Néstor Ezequiel Ortigoza (; born 7 October 1984) is a professional football central midfielder, who currently plays for San Lorenzo de Almagro. Born in Argentina, he represented the Paraguay national team.

Club career
Ortigoza started his career in 2004, playing for Argentinos Juniors. In 2005, he had a brief loan spell with Nueva Chicago before returning to Argentinos. In 2007, he began to establish himself as an important member of the first team squad and in 2009 he became a near permanent fixture in the first team squad after the appointment of Claudio Borghi as the manager of Argentinos Juniors.

Ortigoza was an important member of the Argentinos Juniors team that won the Clausura 2010 championship.
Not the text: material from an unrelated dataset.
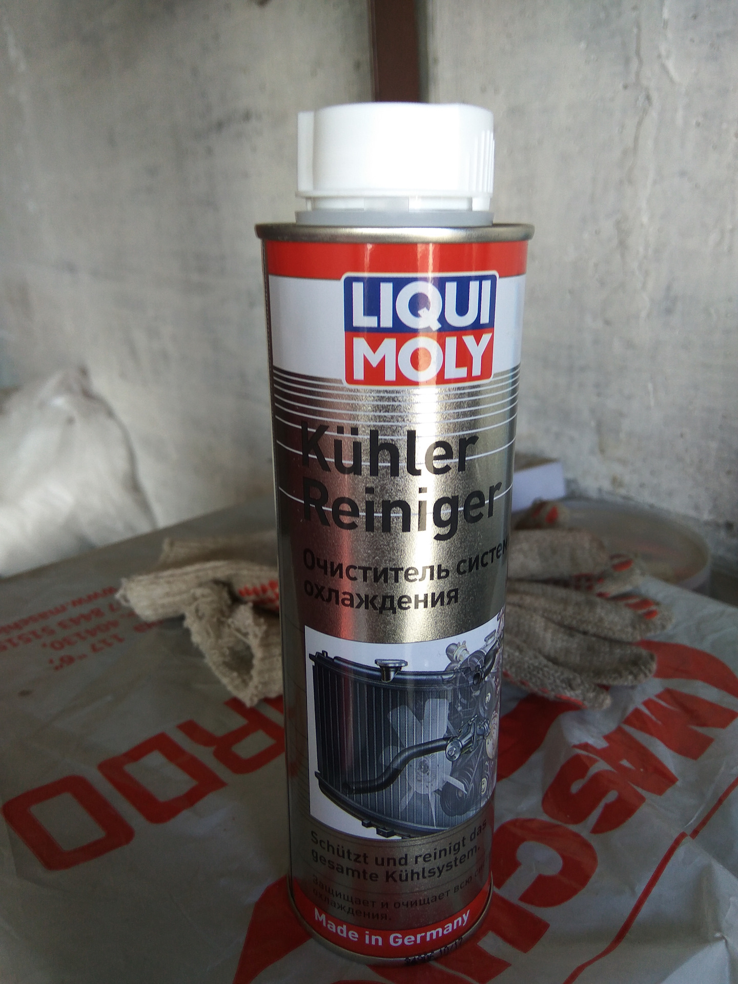 В старый антифриз заливал чтобы все очистилось, а водой потом промывал. Называется Очиститель системы охлаждения Kuhler-Reiniger артикул 1994. В интернете под этой маркой только он.

He played in 17 of the club's 19 games and scored 3 goals during their championship winning campaign been their captain and was selected Footballer of the Year in Argentina.

In 2011, San Lorenzo bought the entire move from Argentinos Juniors for $2,200,000 and signed the player for three seasons.

In July 2012, Ortigoza signed a one-year loan contract with Emirates Club in the United Arab Emirates.

In December 2017, Ortigoza signed with Rosario Central from Olimpia.

After a half year at Estudiantes de Río Cuarto, it was rumored that Ortigoza had moved to Bolivian club Club Atlético Ciclón in September 2020. However, this wasn't true and Ortigoza stayed at Estudiantes.

International career
Ortigoza's father is Paraguayan, meaning that the Paraguay national football team's coach Gerardo Martino had the interest of Ortigoza playing for the Paraguay national team due to Ortigoza is entitled to request Paraguayan citizenship.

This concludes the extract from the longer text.